If it’s any consolation, the student needs to participate and learn and they also want to help. There’s no point in bottling things up - let it all out for the nurse and the student to hear, see and help with. You might be surprised at the insights that two people instead of one can offer. My thoughts are with you.
Hugs to you.
Call the nurse and tell her your feelings about the student and together you can work through this.
xx
My brother has cerebral palsy, and at his 21st, one of the people making a speech said, “If you think HE is disabled, then YOU are the one with the disability”. My mum was told when he was born that ‘he is never going to be able to…’. She NEVER believed it, she never accepted it as a possibility. My brother is now a Computer Software Engineer working for the government- he clearly does not see himself as having a disability. I encourage you to view your depression in the same light… You are NOT brain damaged; DO NOT let this health issue determine your life.

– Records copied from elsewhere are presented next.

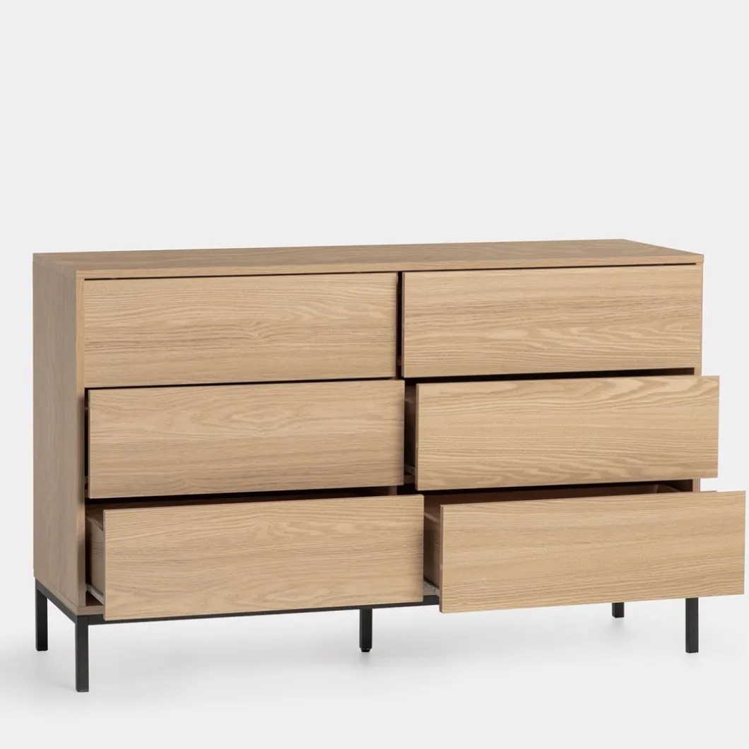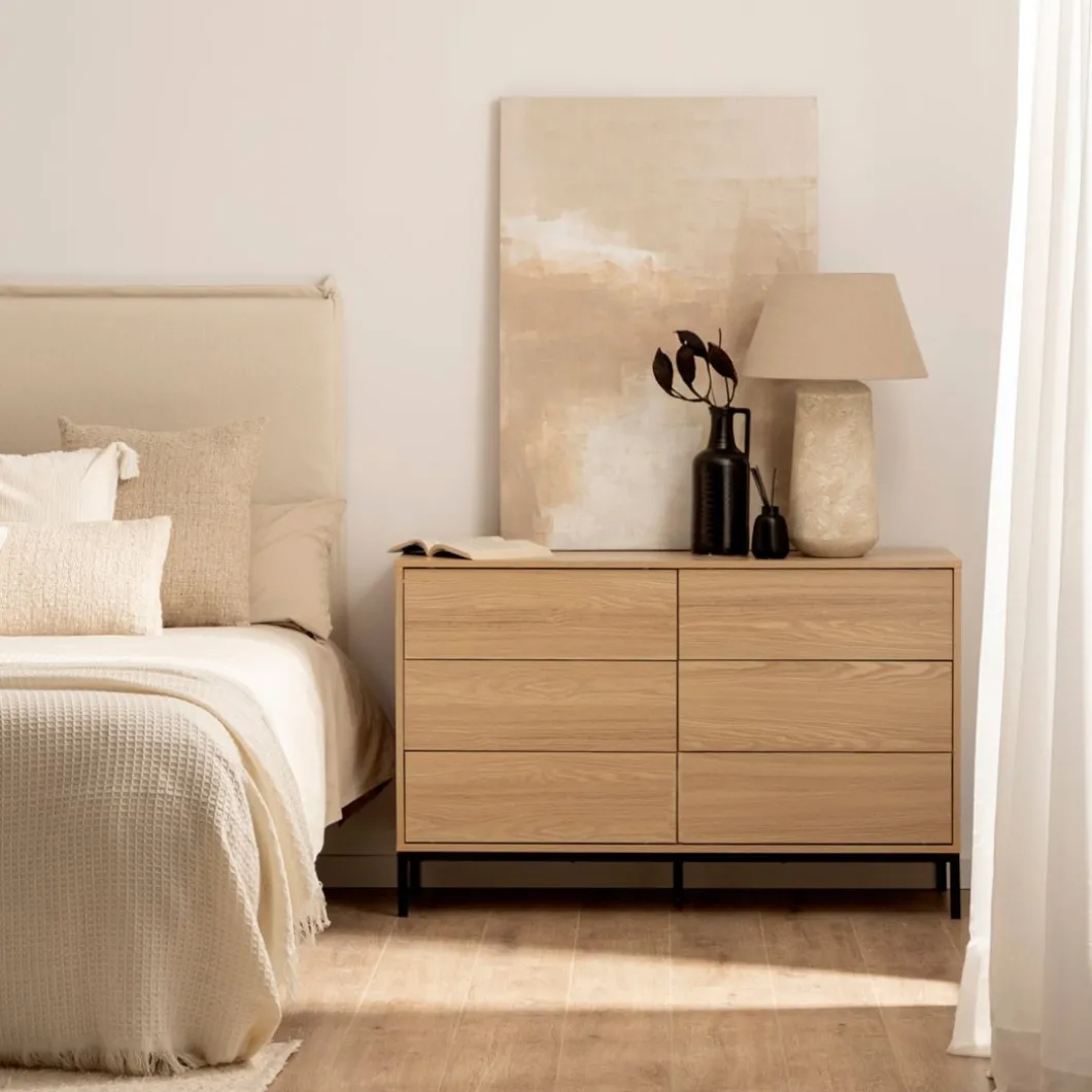 Transforma tu espacio con la cómoda de 6 cajones Remi, una pieza que combina estilo y funcionalidad. Sus seis espaciosos cajones permiten mantener la ropa, accesorios y otros objetos personales bien organizados y al alcance. Ideal para dormitorios, vestidores o cualquier rincón de la casa que necesite un toque de orden y sofisticación. Completa tu hogar con la elegancia y practicidad de la colección Remi.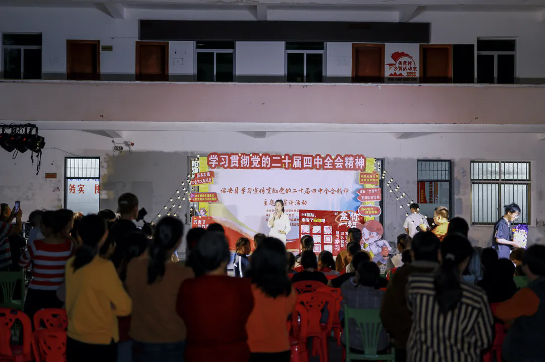 值得一提的是,本次活动虽以“微宣讲”命名,内容却毫不单薄,构成了一个“小而全”的有机整体。核心宣讲《8个数字打开“四中全会”》化繁为简,用一串数字梳理出全会的精髓;互动环节“‘盒’你一起学党的二十届四中全会精神”则让村民在趣味问答中深化理解;最后,微电影《荣誉之战》以光影艺术触动情感,完成了从理论认知到情感共鸣的升华。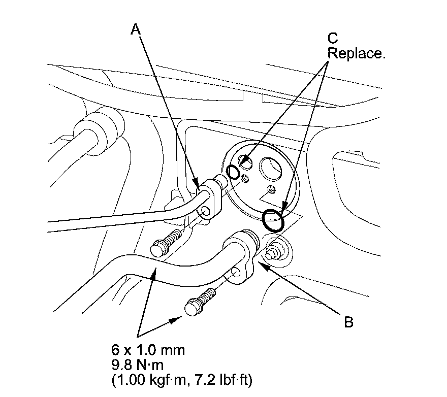 3. Remove the bolts, then disconnect the front receiver line (A) and the front suction line (B) from the front evaporator core. Remove the O-rings (C).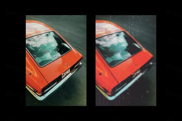 复古显像管老电视效果划痕灰尘做旧老照片特效PSD模板素材 Old Tube TV Photo Effect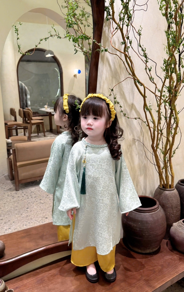 Đánh giá Bt750- Bộ áo dài bé gái cách tân cổ tròn xanh quần vàng tặng kèm bờm tóc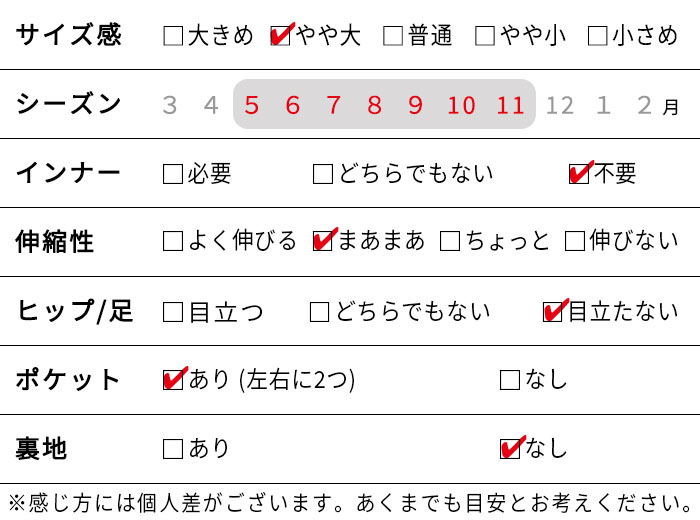 | 素材 | 綿98%/ポリウレタン2% |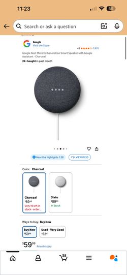 Google Nest Mini 2nd Generation Smart Speaker with Google Assistant- Charcoal$30Renton, WA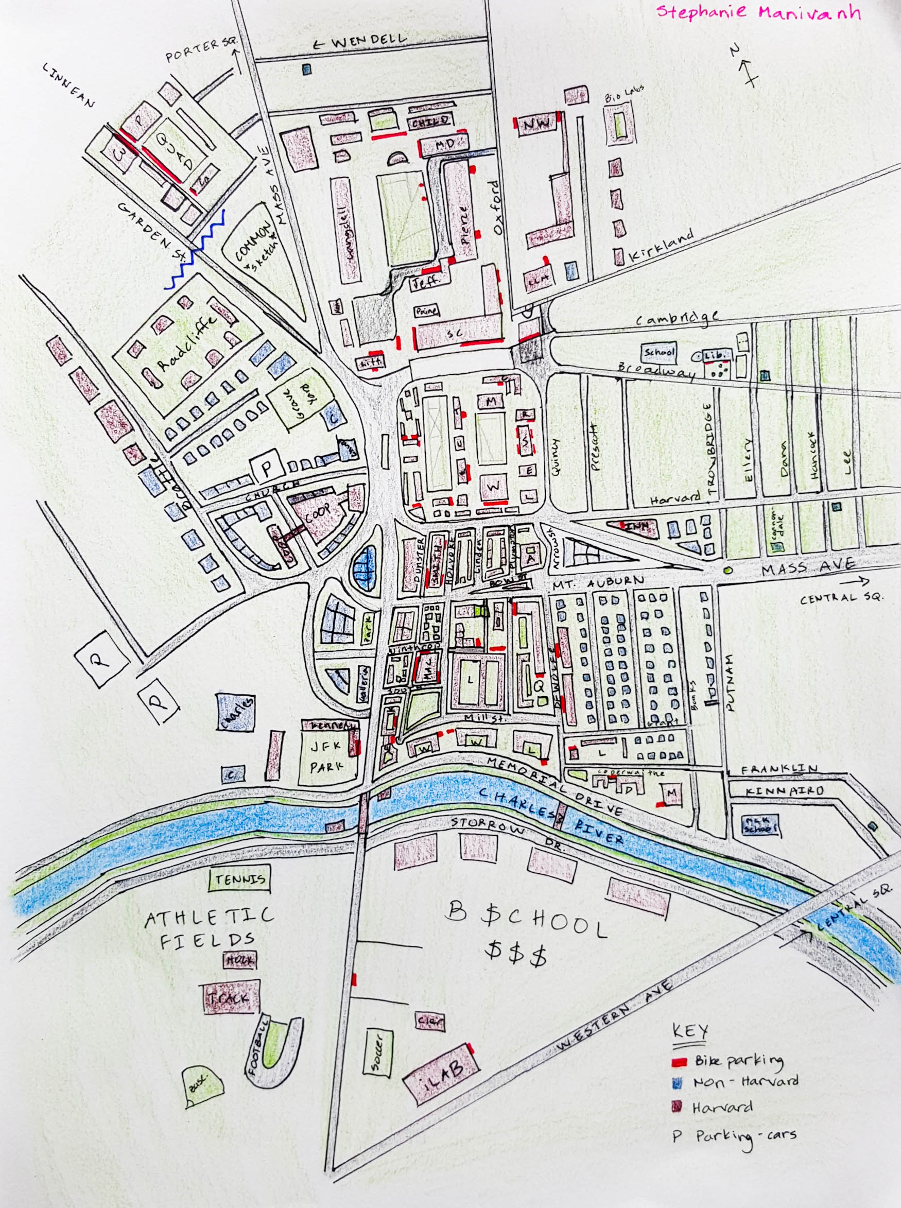 My map is a pretty accurate top-view rendition of how the Harvard Square area actually looks like. The places that I’m most inaccurate in drawing are places that I rarely visit (business school and the athletic fields, parts of the quad). I think the fact that my map is so accurate in naming streets is because I bike literally everywhere (in red I’ve marked all the bike parking areas I can think of) so I refer to Google Maps a lot. I’ve also been in Boston for three summers straight so I’ve had a lot of time to explore Cambridge. I can see that I pay most attention to exactly how all the streets intersect and are organized. What helped me create this map was actually closing my eyes and visualizing my bike rides and walks around certain areas. Also, since I have a lot of friends who live in the area I am very familiar with the order of the streets leading to Central Square in particular.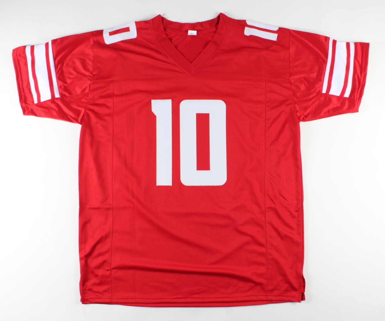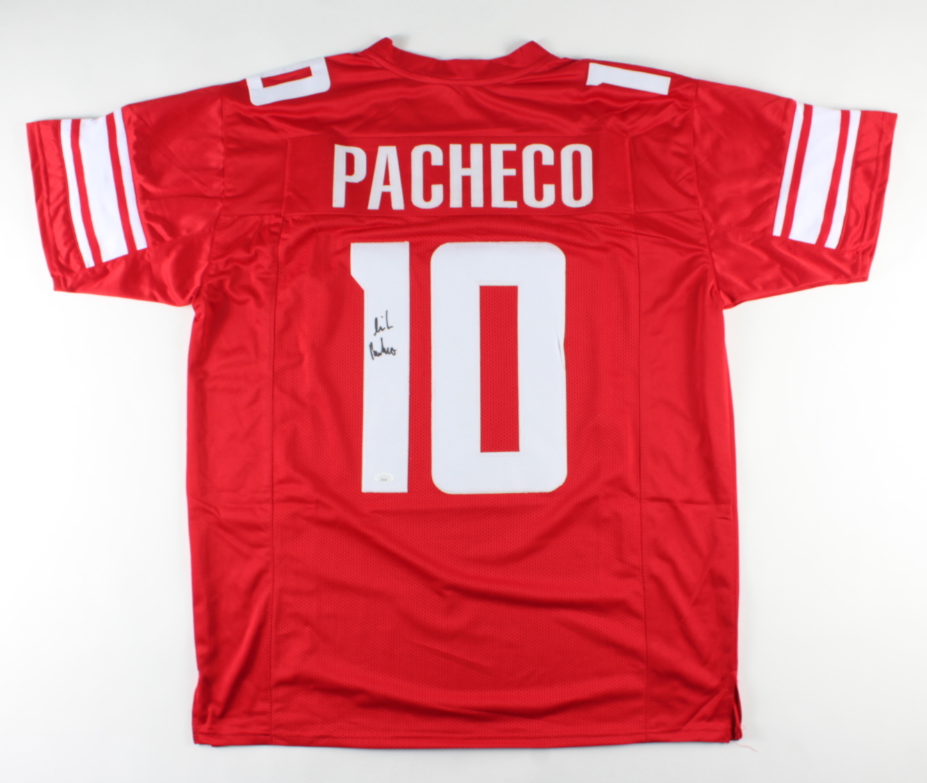 Custom on-field style jersey. Everything sewn on, size XL. Hand-signed by Isaih Pacheco.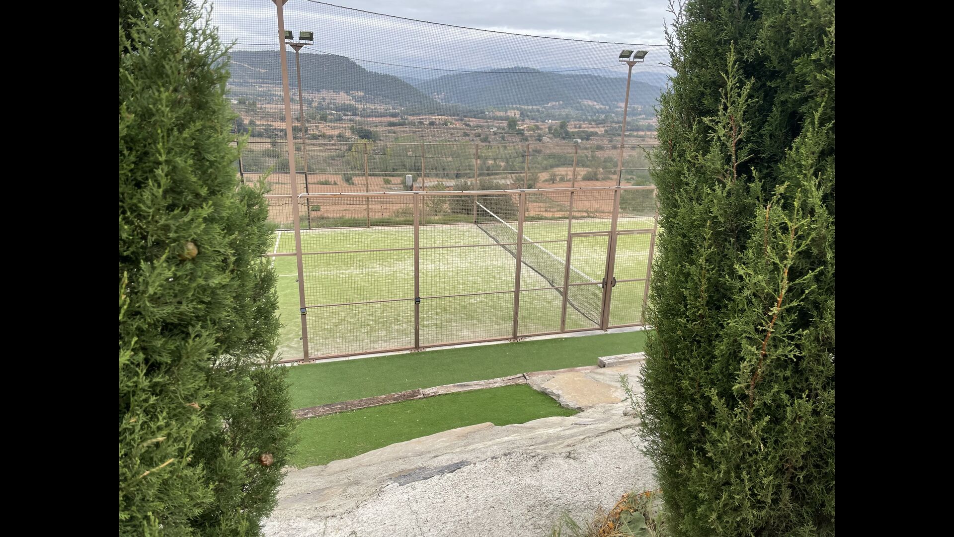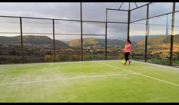 Padel tennisbanen er beliggende nedenfor huset og kan bookes på timebasis eller hvis I vil spille meget, kan I få en samlet pris for eksklusivitet under hele opholdet

I am sorry to hear that. It truly wasn’t fair to blindside you like that.
I am sorry you are having such a rough time and this happened on top of it all.
PS - I wanted to let you know you are a winner
, hope it brings a smile to your day.
That is so unfair
I’m sorry
love you sweetie.
I TOTALLY understand.
x
I would actually be letting the person above her know what happened to start with and letting them know that you felt you were put in a very uncomfortable position without any prior knowledge and that you do not want that happening again. I would then contact her either by phone, email letter and explain again that you were not happy and that she has broken the trust that was developing….she does need to know how you feel….and from my point of view I actually find that totally unacceptable
Hi there,
I just found your blog through one of those click+click+click things that we all do (and sometimes end up wondering “how on earth did I get here?!”) but I just wanted to say thanks for your comments about the student. I’m a lawyer and I often have junior solicitors and students that come into meetings with me and I confess that I often ask my client’s permission then and there with the student in front of them. Having read your post I won’t be doing that again. Ever. Thank you and best wishes for your on going healing process.